And then we essentially had the industrial revolution. You can talk about corporate labs, innovation, corporate forms, industrialization, energy, technology, innovation which seemed to break the Malthusian trap. And so we are at least in aggregate really wealthy in a way that the person in 1850 or 1800 or even 1900 would've been completely astonished by. This seems like magic. But on the other hand, I think they would be very surprised. In fact, my reading of what they were writing about at the time is they were very surprised that we cannot be splitting the pie better. So they would basically say, "There's no way we could have grown this pie this big." They would just be like, "That's incredible. What did you guys do? That's like magic."

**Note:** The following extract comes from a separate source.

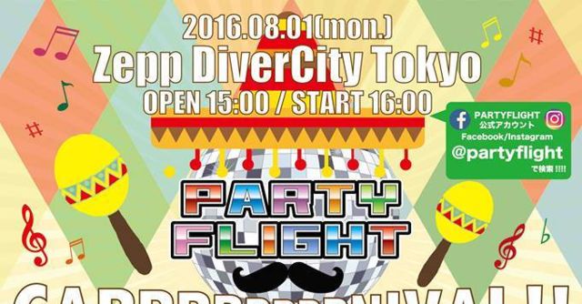 ¡ÖPARTY FLIGHT¡× http://partyflight.jp/ Æü»þ¡§8/1(·î) ³«¾ì15:00 ³«±é16:00 ²ñ¾ì¡§Zepp DiverCity Tokyo ÅìµþÅÔ¹¾Åì¶èÀij¤ 1-1-10 ¥À¥¤¥Ð¡¼¥·¥Æ¥£Åìµþ¥×¥é¥¶ ÎÁ¶â¡§ ¡ã¥¹¥¿¥ó¥Ç¥£¥ó¥°¡ä Á°Çä 4,320±ß ÅöÆü 4,820±ß ¡ã»ØÄêÀʡ䢨Á°Ç䡦ÅöÆü¶¦ÄÌ SÀÊ 6,480±ß AÀÊ 5,400±ß ¢¨»ØÄêÀʤÏSÀʤ¬1³¬¥¹¥Æ¡¼¥¸Á°¡¢AÀʤ¬2³¬¤È¤Ê¤ê¤Þ¤¹¡£ ¢¨¥Á¥±¥Ã¥È¤Ï3ºÐ¤Î¤ª»ÒÍͤ«¤éɬÍפȤʤê¤Þ¤¹¡£ ¥¤¡¼¥×¥é¥¹¡§http://eplus.jp/sys/T1U89P0101P006001P0050001P002190115P0030001P0006 ½Ð±é¡§jealkb¡¿M!LK¡¿¡Ä

But on the other hand is like, "How dumb could you be that you could grow this pie but you haven't-- You've got more than enough but there's no way that you can split it? Surely splitting it was the easier problem and growing it was the hard problem.” That's really interesting. You read the work and you go like, "Wow, they just thought the really difficult thing was growing the pie. They thought splitting the pie was just going to be really easy." Well, when you have it and you have all of these things like, "Oh, when we're really wealthy no one will work or they'll split it, all that." It seems to be the reverse is that-- and we see with AI will come. It looks like we are going to be rich in whatever form we are, at least in aggregate. But splitting the pie we have not got any closer really. I mean maybe at the edges, some ideas, welfare states, some insurance and all of that. But it's nowhere near what the thinking the 1850 thought we would get. But they had no belief that we would ever get this wealthy.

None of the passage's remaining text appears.